For both ACG and AEG, the assumptions used in the annual impairment review performed during the fourth quarter of fiscal 2009
were consistent with the assumptions used in the interim impairment review in the third quarter of fiscal 2009 as no significant
changes were identified.
In performing the impairment test for intangible assets with indefinite useful lives, we compare the fair value of intangible assets with
indefinite useful lives to its carrying value. The fair value measurement of purchased intangible assets with indefinite lives involves
the estimation of the fair value which is based on our assumptions about expected future cash flows, discount rates, growth rates,
estimated costs and other factors which utilize historical data, internal estimates, and in some cases outside data.
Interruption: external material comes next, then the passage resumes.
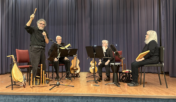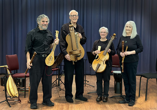 ![]() The early music group Moyen Âge (French for “Middle Ages”) presents some of the finest music of the 13th through the 15th centuries on copies of original instruments. Hear the exciting sound of early music as the folks in the Middle Ages heard it on Hurdy Gurdy, Lute, Gittern, Psaltery, Gemshorn, Vielle, Cornamuse, Renaissance recorders, and drums. The instruments are briefly explained during the performance and afterward the audience is invited to inspect the instruments up close. Listeners have described the music as “enchanting”, “fresh and educational”, “magical”, and “uplifting”. The instruments alone grip the attention of the audience with their wistful and fascinating tone qualities.

If the carrying value
of the indefinite useful life intangible asset exceeds our estimate of fair value, goodwill may become impaired, and we may be
required to record an impairment charge which would negatively impact its operating results.
The fair value of the Altec Lansing trademark and trade name was determined using the income approach with the same assumptions
used for the income approach in determining the fair value of the AEG reporting unit.
Given the current economic environment and the uncertainties regarding the impact on our business, there can be no assurance that
our estimates and assumptions regarding the duration of the current economic downturn, or the period or strength of recovery, made
for purposes of testing the goodwill and indefinite lived intangible assets for impairment during the third and fourth quarter of fiscal
2009 will prove to be accurate predictions of the future. If our assumptions regarding forecasted revenue or margin growth rates of
the AEG reporting unit are not achieved or if certain alternatives being evaluated by management to improve the profitability of the
AEG segment do not materialize, it is reasonably possible we may be required to record additional impairment charges related to the
Altec Lansing trademark and trade name in future periods, whether in connection with our next annual impairment review in the
fourth quarter of fiscal 2010 or prior to that if indicators of impairment exist. It is not possible at this time to determine if any such
future impairment charge would result or, if it does, whether such charge would be material.
If we were to decrease the long-term growth rate or increase the discount rate used in the income approach by one percentage point,
there would be no change in the goodwill impairment amount for the AEG reporting unit and it would not change our conclusion that
there was no goodwill impairment in the ACG reporting unit in fiscal 2009. With respect to the Altec Lansing trademark and trade
name, if we were to decrease the long-term growth rate by one percentage point, there would be no significant change in the
impairment recorded in fiscal 2009; however, a one percentage point increase in the discount rate would have increased the
impairment of the Altec Lansing trademark and trade name by approximately $1.3 million in fiscal 2009.
Purchased intangible assets with finite lives are amortized using the straight-line method over the estimated economic lives of the
assets, which range from three to ten years. Long-lived assets, including intangible assets, are reviewed for impairment in accordance
with SFAS No. 144, “Impairment of Long-Lived Assets,” (“SFAS No. 144”) whenever events or changes in circumstances indicate
that the carrying amount of such assets may not be recoverable. Such conditions may include an economic downturn or a change in
the assessment of future operations. Determination of recoverability is based on an estimate of undiscounted future cash flows
resulting from the use of the asset and its eventual disposition. Measurement of an impairment loss for long-lived assets that we
expect to hold and use is based on the amount that the carrying value of the asset exceeds its fair value. Long-lived assets to be
disposed of are reported at the lower of carrying amount or fair value less costs to sell.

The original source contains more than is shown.